## PROVIDED ENTRIES
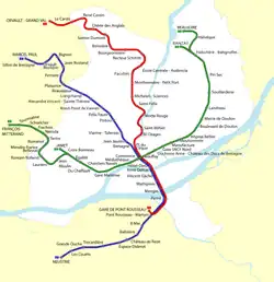 A connection between lines 1 and 2 is due to open in 2013 on the northern part of the network. The link will take the form of an extension of the branch of line 1 to Ranzay, opened in 2012, to Recteur Schmitt on line 2, creating two new stations, "Babinière sud" and "Martin Luther King".[8][11] The planned tramway expansion has not been realized by march of 2023 according to the network map below.
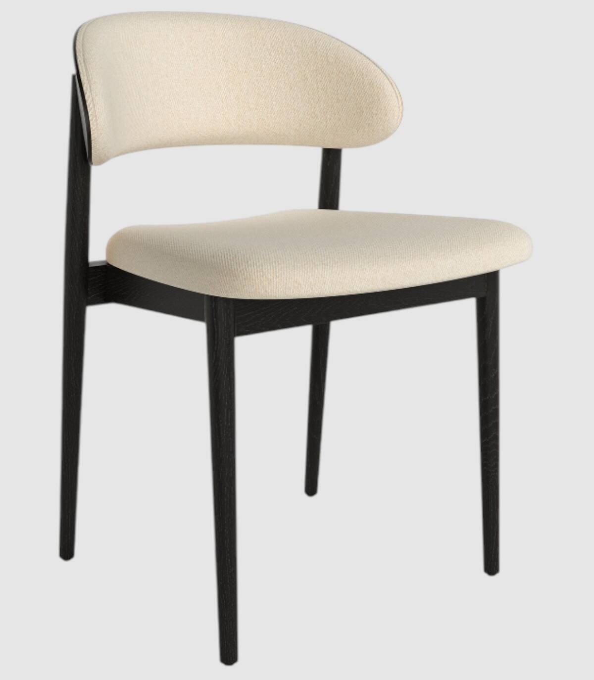La silla Ariel de comedor se compone de respaldo de madera de color roble negro y tapizado, cuatro patas de madera y asiento tapizado.
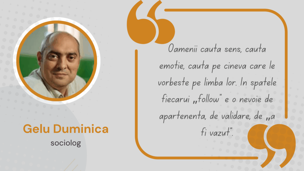 Comunitatile online se formeaza exact ca cele offline: pe incredere, pe valori comune si pe sentimentul ca „nu sunt singur”. “, spune sociologul Gelu Duminica.
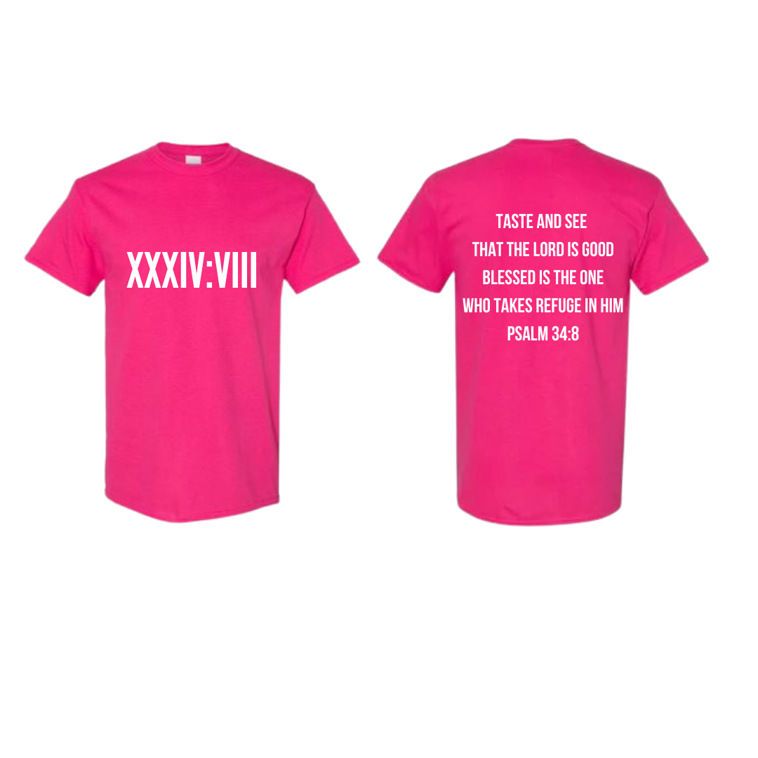 Experience faith and style combined with our **Psalm 34:8 Pink T-Shirt**. Featuring the timeless scripture "Taste and see that the Lord is good" in bold, elegant lettering, this shirt is perfect for sharing your faith wherever you go.
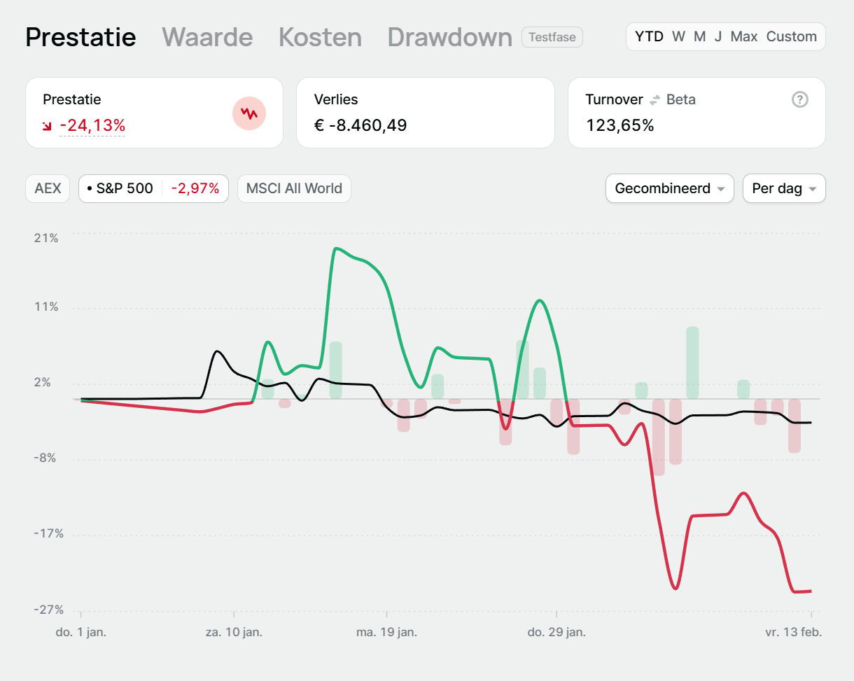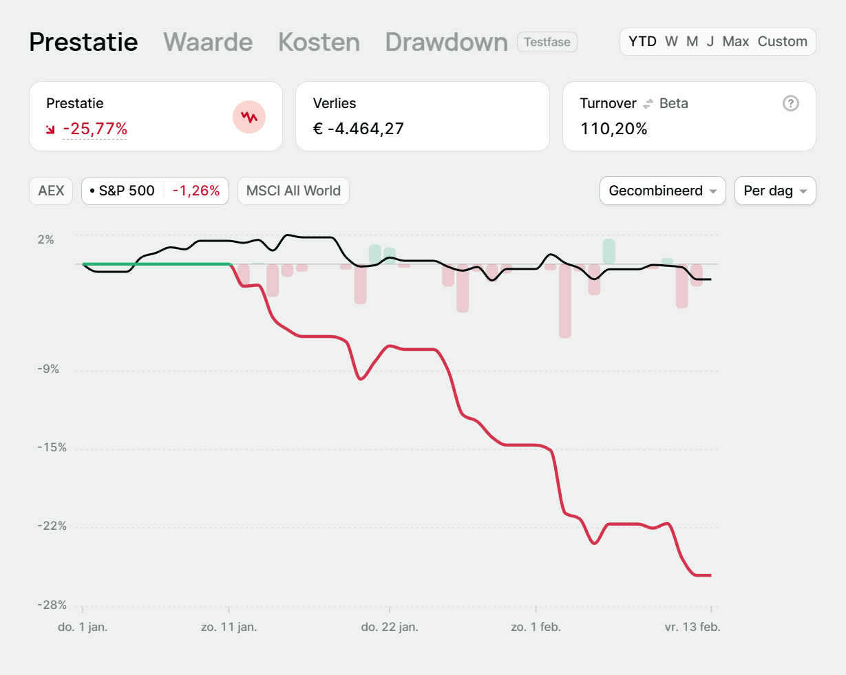 Na een prima start van 2026 is de klad er stevig ingekomen. Frappant genoeg is dit enigszins vergelijkbaar met de start van 2025, toen we vliegend van start gingen, totdat in februari de algehele markt fors daalde.

## EXERCISE
Write out the records word for word. Pictures stay out.

## WRITTEN REPLY
 A connection between lines 1 and 2 is due to open in 2013 on the northern part of the network. The link will take the form of an extension of the branch of line 1 to Ranzay, opened in 2012, to Recteur Schmitt on line 2, creating two new stations, "Babinière sud" and "Martin Luther King".[8][11] The planned tramway expansion has not been realized by march of 2023 according to the network map below.
La silla Ariel de comedor se compone de respaldo de madera de color roble negro y tapizado, cuatro patas de madera y asiento tapizado.
 Comunitatile online se formeaza exact ca cele offline: pe incredere, pe valori comune si pe sentimentul ca „nu sunt singur”. “, spune sociologul Gelu Duminica.
 Experience faith and style combined with our **Psalm 34:8 Pink T-Shirt**. Featuring the timeless scripture "Taste and see that the Lord is good" in bold, elegant lettering, this shirt is perfect for sharing your faith wherever you go.
 Na een prima start van 2026 is de klad er stevig ingekomen. Frappant genoeg is dit enigszins vergelijkbaar met de start van 2025, toen we vliegend van start gingen, totdat in februari de algehele markt fors daalde.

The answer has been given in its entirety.